United States entitlement programs are government-run programs which provide citizens with financial aid, sometimes in the form of goods or services. To be eligible for a U.S. entitlement program, one must meet a variety of conditions. Social Security, unemployment, food stamps and Medicaid are examples of U.S. entitlement programs. The beneficiary of such a program is usually an individual, although it can sometimes be a business or local government.
Entitlement programs receive mixed reviews from citizens and economists. Those in favor argue they give aid to those in need, such as the elderly or poor. Others argue they hurt the national debt because Congress has trouble predicting how many people will be eligible for each program in a given year, giving them problems with budgeting. To combat this, certain entitlement programs are adjusted for inflation and other unpredictable factors. The benefits provided by Social Security, for example, are not fixed, but rather adjusted according to the number of eligible beneficiaries, inflation and so on. Thus, those who argue that entitlement programs create a number of economic problems seem to be mistaken, or at least exaggerating their harm. However, entitlement programs account for over half of national spending.

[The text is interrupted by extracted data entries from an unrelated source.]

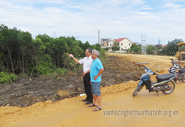 Tác giả cùng ông Nguyễn Hữu Diệp trước khu vực bãi sú, cũng là nơi đang có ý định xây dựng công trình tưởng niệm những người đã hi sinh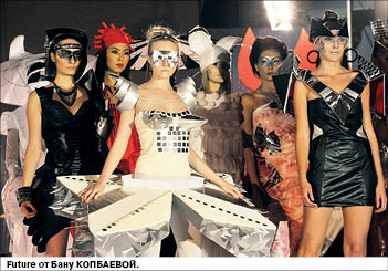 Так, Жанель МУСАХАНОВА фантазировала на тему юрского периода и динозавров, а Инесса ЖУКОВА разрабатывала футбольную тему. Были и “Духи времени”, и “Арестованные чувства”, и вечный двигатель, и геометрия... На подиуме появлялись то амазонки, то куртизанки, восточные мотивы сменялись агрессией кожаных курток и заклепок, а завораживающим нарядам противопоставлялись бутафорские конструкции.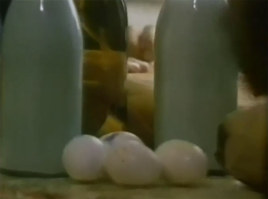 08. А вот и завтрак семьи, которая осталась без мамы — мама тратит все свои силы на производство. Семья героини Голубевой питается варёными яйцами с хлебом, а также есть ещё несколько бутылок с молоком или кефиром.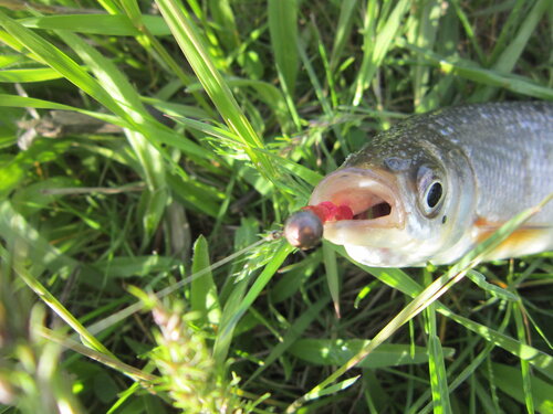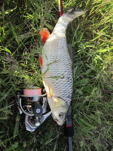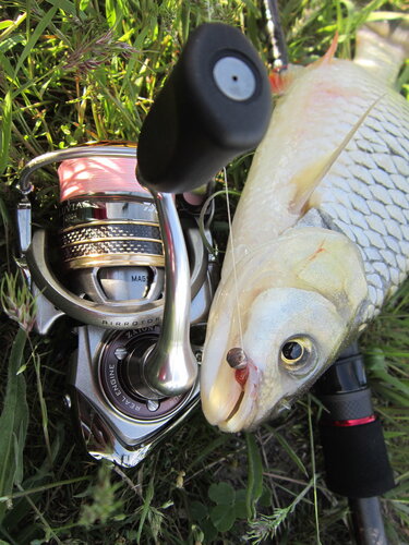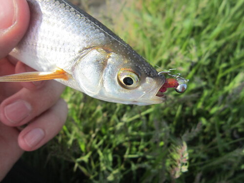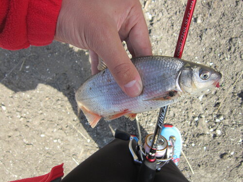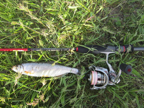 Суббота, школа, уроки,  и пропущенное МТО...  Плохо конечно, что пришлось пропустить турнир, но «Учиться, учиться и еще раз учиться», как говорил великий Ленин. В общем, отучился до 12:00, все домашние дела были выполнены еще в пятницу,  бегом домой, взял рюкзак, Финку и вперед на автобусную остановку, доехал до речки и прошелся пару километров  до места Х, хотелось и просто половить рыбу, и заодно потренироваться в похожих условиях перед соревнованиями. Место очень интересное, основное русло реки упирается в некий полуостров с поросшим камышом и образуются две сильные струи, которые сливаются чуть за серединой этого полуострова, образуя перекат, под обоими берегами множество довольно глубоких обраток, в которых крутится рыба(и мусор в том числе). Основной целью был голавль и гибрид на мдж. Очень хотелось его поймать на такой запрессованной речке ультралайтом, заодно и взять реванш за прошлые рыбалки здесь, т.к. много раз я пытался здесь его поймать, но были лишь пустые поклевки, количество голавля в реке очень маленькое.   Почему я взял Финеззу!? Все просто, более универсальная палка для данных условий, длина спиннинга(221см) не проблема, т.к. камыша мало, деревьев и высокой травы нет,  в ветер ее мягкий кончик очень помогал отслеживать проводку приманок. Ловить начал примерно с двух часов дня, колебалки, вертушки, воблеры - все бестолку. Лишь стаи шемаи провожали до берега приманки, изредка клевали  на проводке, но их рот маловат, даже чтобы заглотить 1,1 граммовую маньячку. На одной из проводок забагрил Ниакисом одну уклейку. Прошелся в конец переката, покидал различного веса  колебалки, всякие крэнки, голавля так и нет, даже его поклевок. Ветер немного стих, и как говорят «Если гора не идет к Магомеду...», я привязал мормышку(чтобы хоть что-то поймать и уйти от ноля) 0,8гр.+приманка СF Whitebait в цвете «Лох», ловил в тех самых прибрежных обратках, проводка- 5-6 микрорывочков и пауза 2-3 секунды. При первых проводках сход шемайки, потом второй прям под ногами и уже потом четкий удар, недолгое вываживание и приятный рыбец(!) в руках, недурно, подумал я...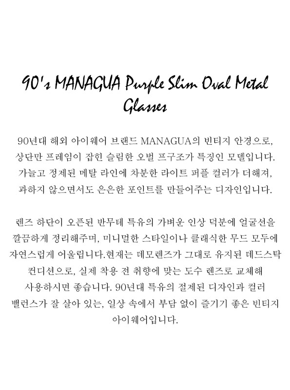 90's MANAGUA Purple Slim Oval Metal Glasses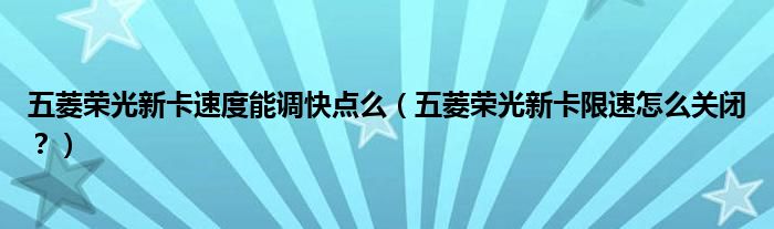 五菱荣光新卡速度能调快点么(五菱荣光新卡限速怎么关闭?)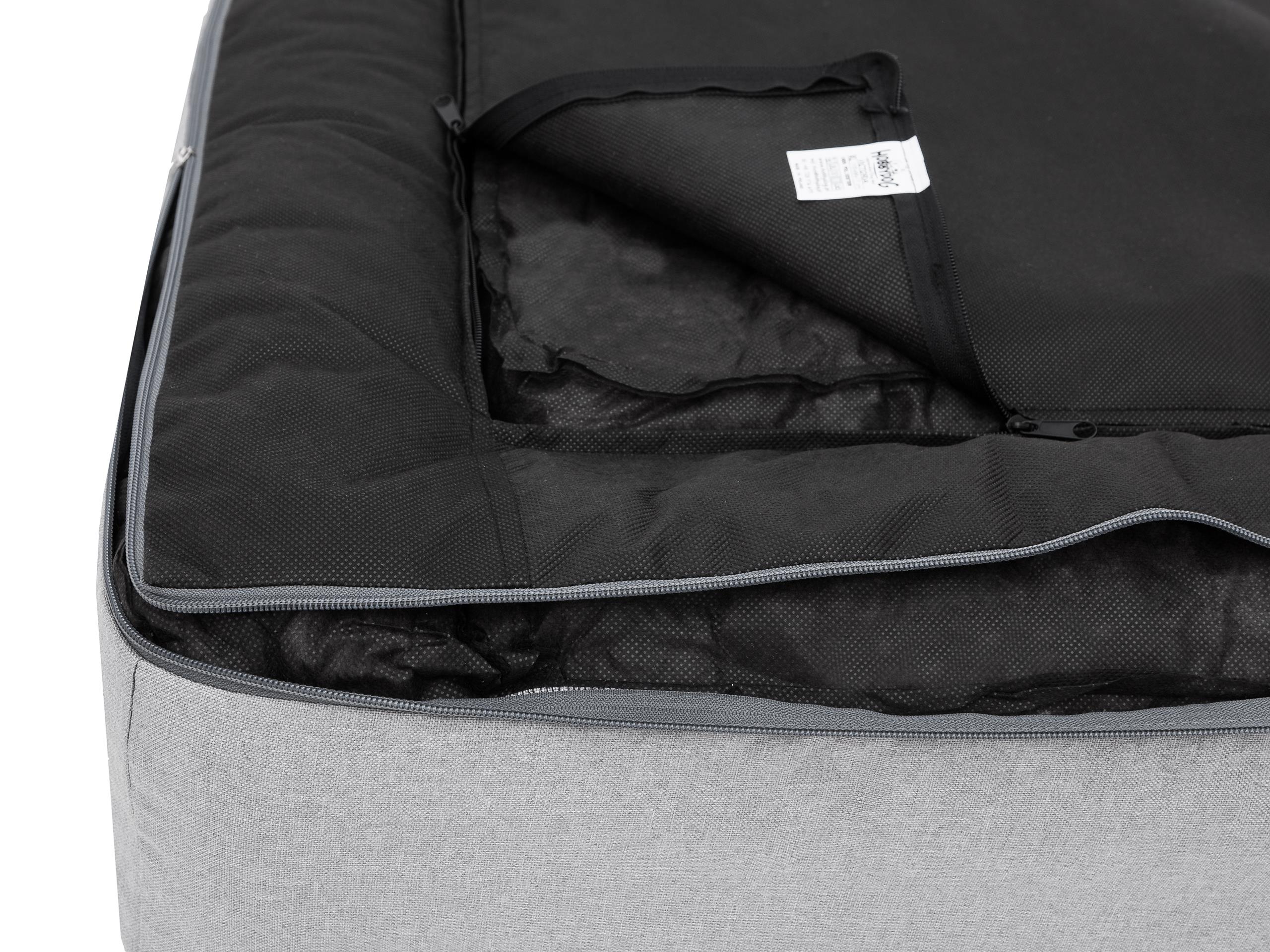Das Material hat eine erhöhte Beständigkeit gegen Kratzer und Feuchtigkeit. Darüber hinaus ist es leicht zu reinigen. Das Bett ist mit Einsätzen aus gemahlenem Polyurethanschaum gefüllt. Sie füllen das Bett fest. (Füllung aus 4 teilen: 3x Walzen + 1x Matratze). Dank dessen ist es sehr bequem und breitet sich gleichzeitig nicht seitlich aus. Es ist einteilig und hat einen abnehmbaren Bezug am Reißverschluss. Auf diese Weise können Sie das Bezug selbst waschen.

Many people argue that programs like Medicare and Social Security are not actually entitlement programs at all because the tax dollars of citizens go to support their own future eligibility. For example, 6.2% of tax dollars go to support Social Security, so individuals are paying into the program to receive the benefits. The largest component of Social Security dictates that an individual pay into it for 40 quarters to receive benefits. Since entitlement programs are those which an individual qualifies simply due to their circumstances, Social Security and Medicare cannot be considered true entitlement programs. A "true" entitlement program would be something like unemployment.